Au-delà de la fonction GABAergique et glutamatergique, la perte de Dp427 est également associée à des altérations de la transmission nicotinique cholinergique dans l’hippocampe (Coccurello et al., 2002 ; Wallis et al., 2004 ; Ghedini et al., 2012 ; Parames et al., 2014 ; Cohen et al., 2015). Ceci pourrait refléter une adaptation du circuit hippocampique aux altérations GABAergiques et glutamatergiques, ces trois circuits étant fortement en interaction (Albuquerque et al., 2009).

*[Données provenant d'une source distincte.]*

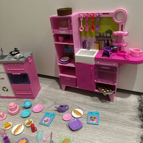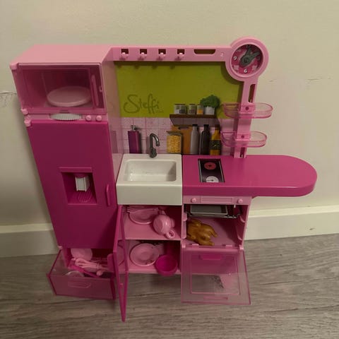Leikkikeittiö barbeille. Keittiöstä lähtee äänet ja valot. Uunin valoa en huomannut katsoa toimiiko, mutta keskimmäisestä uunin napista lähti kyllä äänet ainakin. Otin patterit pois kun käytin vain testatakseni että toimii.
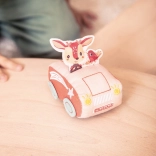 Das weiche Fahrzeug ist mit Rehkitz Stella und Vogel Robin verziert, die der Spielfreude und Attraktivität des Spielzeugs beitragen.

La dystrophine complète ne semble donc pas seulement jouer un rôle de structure, comme dans le muscle, mais semble également être un acteur important de la dynamique des synapses centrales ainsi que de la neurotransmission GABAergique. Cette hypothèse d’une altération du système inhibiteur pourrait être à la base d’une partie des déficits physiologiques et cognitifs observés dans la DMD.

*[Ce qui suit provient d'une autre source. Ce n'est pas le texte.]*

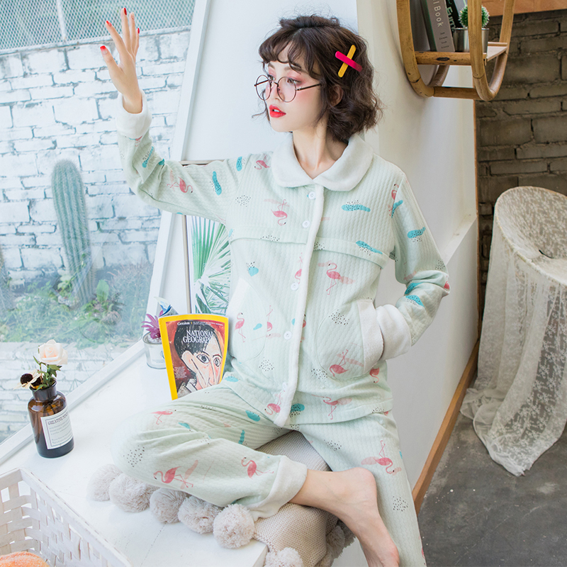 保暖夹层秋冬哺乳月子服
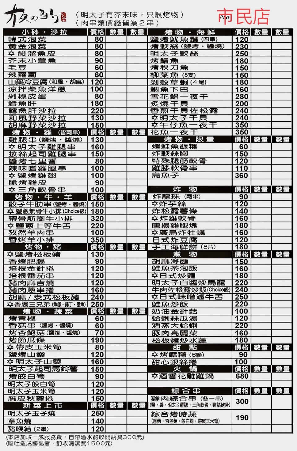 2024最新在地推薦餐廳的菜單_夜酌居酒屋 市民店 東區居酒屋 寵物友善的菜單、圖片
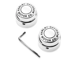 Die-cast, chrome-plated covers feature the „Harley-Davidson Motor Co.“ logo in black.

3. La souris Dp71-null : modèle du subphénotype de déficience

intellectuelle ?

La souris Dp71-null a été créée par transgénèse en insérant le gène de la β-Galactosidase dans le premier exon unique de la Dp71 (Sarig et al., 1999). A l’inverse de la souris mdx, très étudiée car elle est un bon modèle pour les essais de thérapie musculaire, la souris Dp71-null est beaucoup plus confidentielle, ne présentant pas de myopathie et n’ayant fait l’objet que de 12 études.

Elle n’est pas un modèle typique de DMD car la perte sélective de Dp71 n’a été vue que chez un seul patient (de Brouwer et al., 2014), cette perte étant généralement cumulée à la perte des autres dystrophines. Cependant ce cas clinique est très intéressant puisque ce patient présente une déficience intellectuelle mais pas de symptômes de myopathie. Bien que découverte dès 1989, l’étude de la protéine Dp71 n’est devenue incontournable que récemment, du fait de la mise en évidence de son rôle dans deux phénotypes non-musculaires majeurs: l’altération de la physiologie rétinienne et les atteintes cognitives. Actuellement, la grande majorité des études utilisant la souris Dp71-null s’intéressent à la question rétinienne.